> [Your goal]:
Pictures stay out of the copy, and everything else in the data below is repeated exactly.

> [Collected material]:

┌──

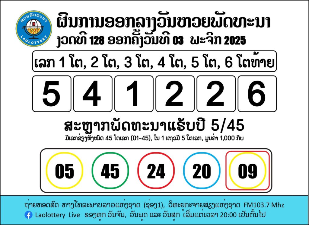 📌 ผลรางวัลหวยลาววันนี้ 3 พฤศจิกายน 2568 (ลาวพัฒนา)
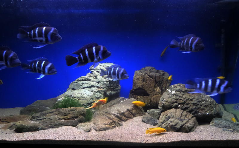 Все мы привыкли, что на дне озера в основном лежат разной формы и величины валуны. А что если внести то самое свежее течение в наш танганьикский биотоп, и оформить тоже дно другим камнем. Поверьте, рыбе ничуть не хуже, даже наоборот. В итоге получается действительно оригинальный, природный аквариум, комфортный для его обитателей.
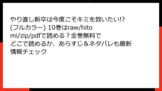 やり直し新卒は今度こそキミを救いたい!?(フルカラー) やり直し新卒は今度こそキミを救いたい!?(フルカラー) 10巻はraw/hitomi/zip/pdfで読める?全巻無料でどこで読めるか、あらすじ&ネタバレも最新情報チェック

└──

> [Reply to the task]:
 📌 ผลรางวัลหวยลาววันนี้ 3 พฤศจิกายน 2568 (ลาวพัฒนา)
 Все мы привыкли, что на дне озера в основном лежат разной формы и величины валуны. А что если внести то самое свежее течение в наш танганьикский биотоп, и оформить тоже дно другим камнем. Поверьте, рыбе ничуть не хуже, даже наоборот. В итоге получается действительно оригинальный, природный аквариум, комфортный для его обитателей.
 やり直し新卒は今度こそキミを救いたい!?(フルカラー) やり直し新卒は今度こそキミを救いたい!?(フルカラー) 10巻はraw/hitomi/zip/pdfで読める?全巻無料でどこで読めるか、あらすじ&ネタバレも最新情報チェック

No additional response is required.